My point is that smaller reforms don’t preclude continuing to work on the big picture issue. If we can help some people now and still continue fighting for universal coverage in the long-term, why not – assuming we don’t create one of those dreaded death spirals.
To me, it’s analogous to feeding and providing shelter for homeless people while still fighting the larger issues that cause people to be homeless in the first place.
Jim there is a political cost as well. I know that ’round these parts the bill as it is written is not very popular, but cost of spending this much time on it and then backing away to do little increments (which are not really going to do a lot for the folks who need it the most) is going to be viewed as an epic failure by the general public. It will open the Dem’s up to the meme they can’t govern either.
At this point it is better to get the bill we can, with all the warts and then have to fix it than it is to retreat to incremental and largely cosmetic changes.
I hear what you’re saying, Bill, but I disagree. It seems that the Democrats are already paying a political cost, and will pay even more if they pass a bill that their base sees as a corporate giveaway. In my view, the Democrats that lose this fall will do so because progressives are upset over this bill and take their vote elsewhere. I know that I’m already considering third party candidates at this point.

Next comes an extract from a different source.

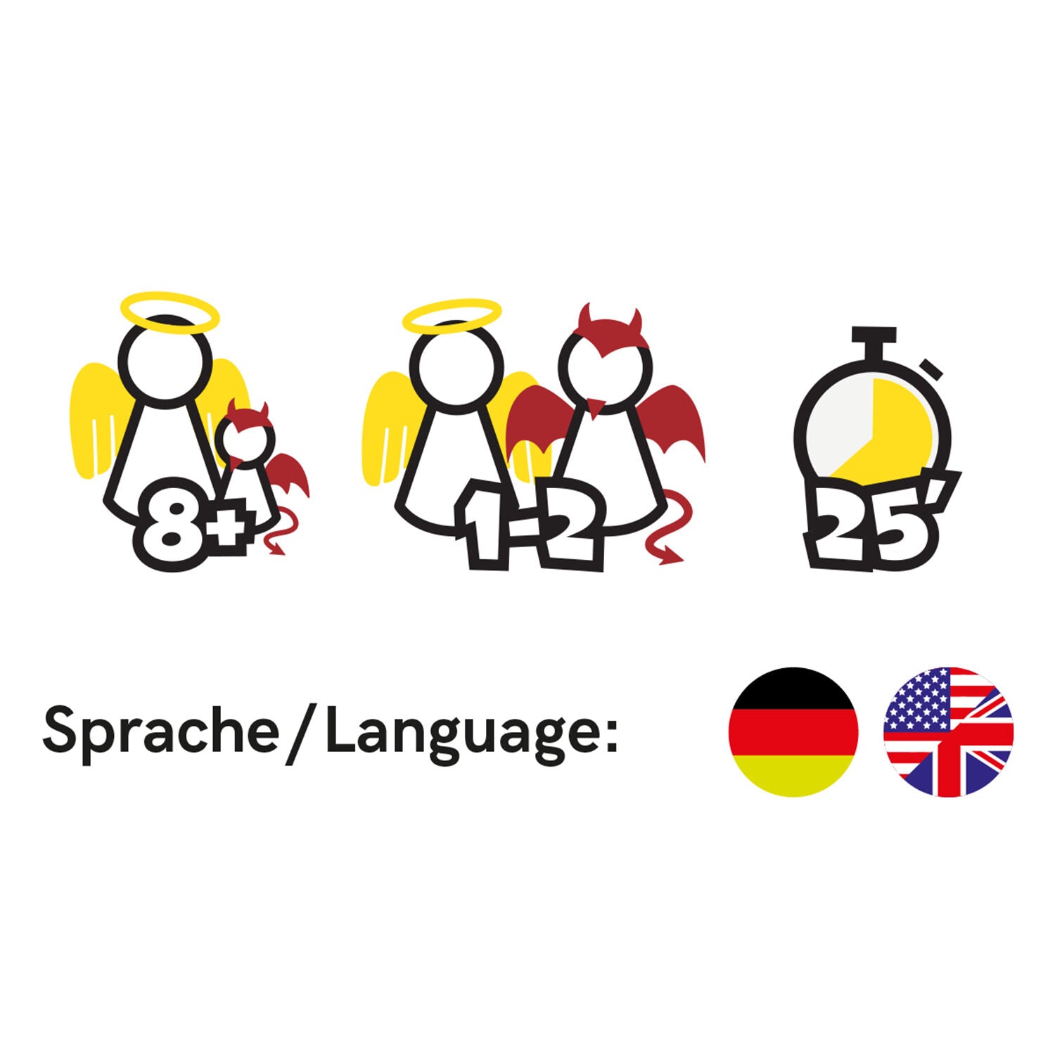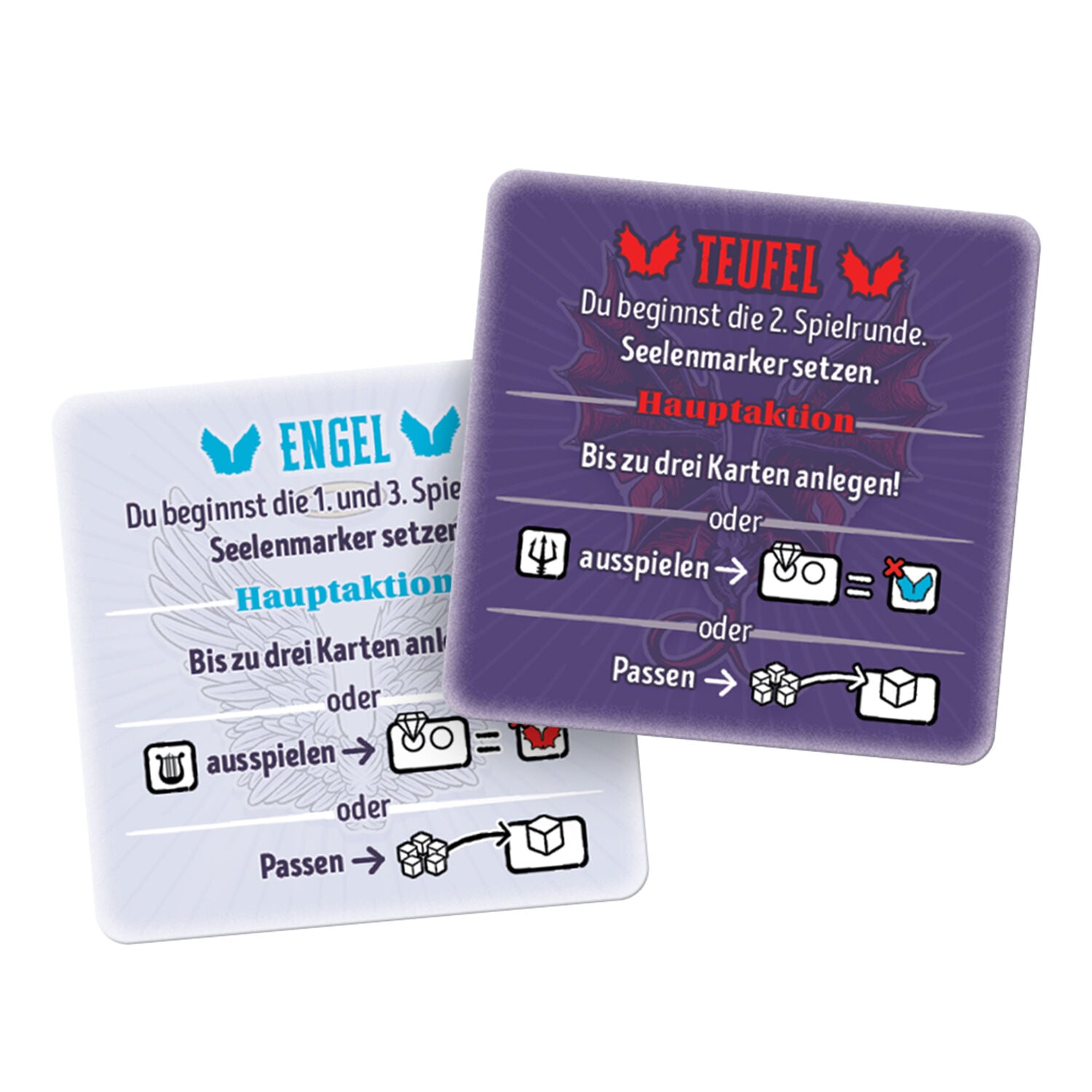 Engel oder Teufel? In „Soul Dice“ entbrennt ein packender Wettstreit um die Seelen der Menschheit! Werdet ihr als Engel die Menschen ins Licht führen? Oder als Teufel ihre dunkle Seite entfesseln? Setzt eure Würfel und Kristalle mit Strategie und Geschick ein, um die Seelen in eure Reihen zu ziehen. Aber Vorsicht: Keine Seele ist wie die andere! Einzigartige Sonderfähigkeiten helfen euch dabei, die Gegenseite auszutricksen. „Soul Dice“ ist ein kompaktes Würfeleinsetzspiel. In insgesamt drei Runden nutzt ihr Taktik, Karten und Würfel, um den eigenen Einfluss auf die Seelen der Menschen zu erhöhen. Ihr wählt aus eurem Vorrat Würfel aus, um damit strategisch geschickt Karten an die Seelen anzulegen. Dabei gilt es, unterschiedliche Anlegeregeln zu beachten. Manche Seelen hingegen haben Effekte, die sofort ausgelöst werden. Durch asynchrone Fähigkeiten haben Engel und Teufel unterschiedlichen Einfluss auf das Spielgeschehen.

See my post on polling above this.
Health reform might be a political problem in 2010, but I have a pretty hard time believe the bill will still be unpopular in 2012. Basically, popularity will only grow, just not sure if it’ll grow fast enough to beat the 2010 elections.
Dems are toast. Just watch.
I get that Jim the thing is the community here is far more upset about this than any other that I am involved with, both in cyber space and meat space. I don’t see most of them being willing to punish the Dems for doing as much as they will.
I even suspect that many (maybe not you) who are talking that way will come home to the party when the reality of losing the Republicans and what it means for governance hits home. Since the Dems are already paying the price, there is nothing to lose by going for the most comprehensive bill they can get.
Sure. You can do Medicaid expansion and in theory continue to fight for health reform for everyone. But you can’t do pre-existing conditions and continue to fight. I mean, you can, but you’re going to royally screw up the insurance market in the meantime, leaving tons without coverage.
But, I’d personally have grave reservations about just doing, say, Medicaid expansion. Medicaid and Medicare didn’t solve the problem when they were passed in the 60s, but they did allow us to kick the can down the road 50 years. I fear that if we do something small like that again, we won’t revisit the issue in the serious way for another 20, 30, or 40 years.